Although it’s optimistic, I am not sure it’s the right tone for a crisis as vast and complex as humanity is facing. That closing leaves me with a “scientists have got this” vibe, with the sense someone else (engineers, maybe?) are probably taking care of it with little help from the public—the same way they landed us on the Moon.
Combatting climate change is much more than “engineering”, as today’s headlines attest. California Governor Jerry Brown is sidestepping the U.S.’s isolationist stance on climate at the G20 summit to organize a Global Climate Action Summit next year. A new report that just 100 companies are responsible for 71 percent of global emissions makes the worst contributors to climate change fairly easy to target and regulate. In the meantime, activists are blocking the Keystone XL pipeline with solar arrays and combatting powerful fossil fuel utility lobbyists.
There’s also so much happening locally. Cities all over the world are taking huge strides to combat heat island effect by building cooling infrastructure and planting more trees. Because transportation is the fastest-growing contributor to greenhouse gases, changing American commuting behavior can have a huge impact. And remember those 68 U.S. mayors who pledged to uphold the Paris agreement by reducing emissions and moving to renewable energy? It’s now up to 350 mayors who represent more than 65 million people in 44 states.
Schulz’s story—which eventually won a Pulitzer—ended up serving an important function. It demonstrated, through the worst-case scenario, how millions of people were horrifically unprepared for an all-but-inevitable disaster. But it obviously left readers with the feeling there is something that can be done to change that outcome, because they took action. Washington even mounted a large-scale drill in 2016 that highlighted and fixed additional flaws in the state’s emergency relief program. Two years later, the Pacific Northwest is better prepared for its next earthquake. Lives have undoubtably been saved.

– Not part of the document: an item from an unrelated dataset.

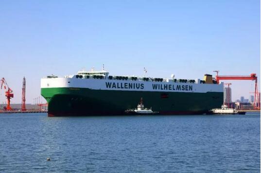 4月11日,中船重工新港船舶为瑞典华轮威尔森建造的高效、节能、环保型超巴拿马型8000车位汽车滚装船2号船顺利交船。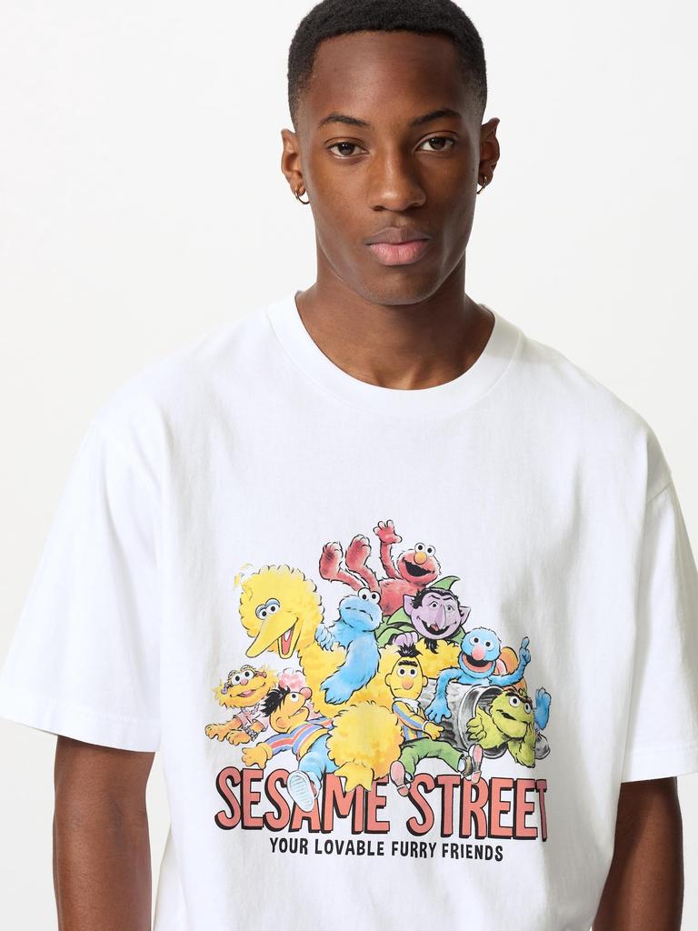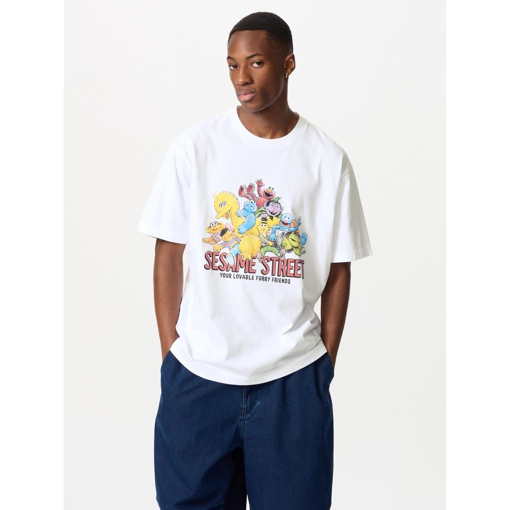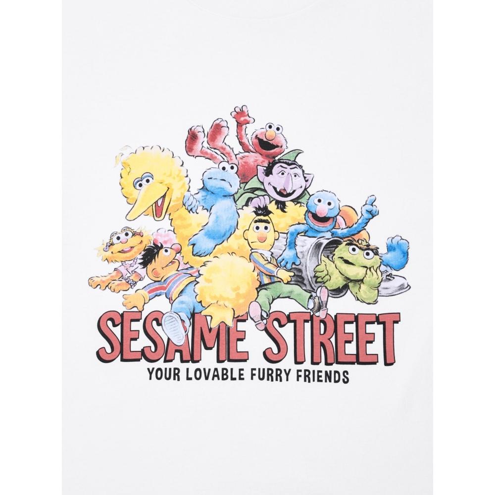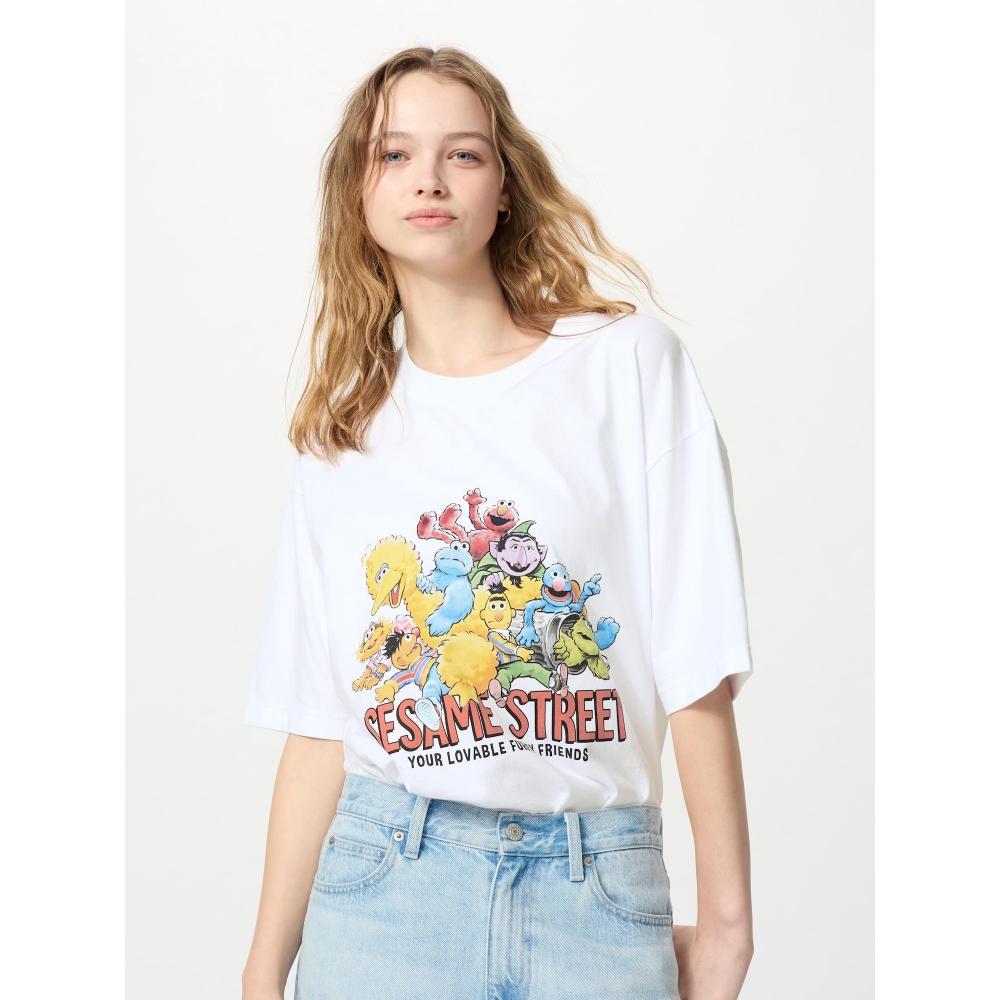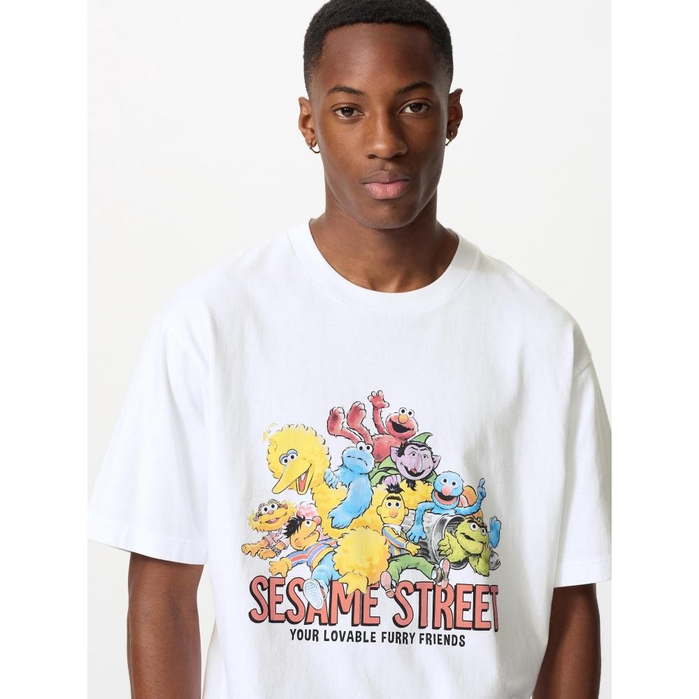 Почувствуйте ностальгию по Улице Сезам с рубашкой UNIQLO Japan Sesame Street UT/Relaxed Fit. На этом топе изображены такие культовые персонажи, как Элмо, Коржик-монстр и Большая Птица, в яркой винтажной иллюстрации, передающей причудливый дух любимого шоу, которое развлекает и обучает зрителей уже более 50 лет.. Свободный крой обеспечивает комфорт и демонстрирует веселую эстетику поп-культуры.

Will Wallace-Wells’s story have the same effect? A lot more people are talking online about climate change today than they were last week. You’d have to think at least some of those people will be looking for ways to take action. Unfortunately, it’s a lot harder than just ordering up some MREs on Amazon.
Yes, climate change is very bad, and yes, it’s already happening now, but collective action—meaning you and your elected officials—can change it. It’s okay to get scared. But it’s more important to get to work.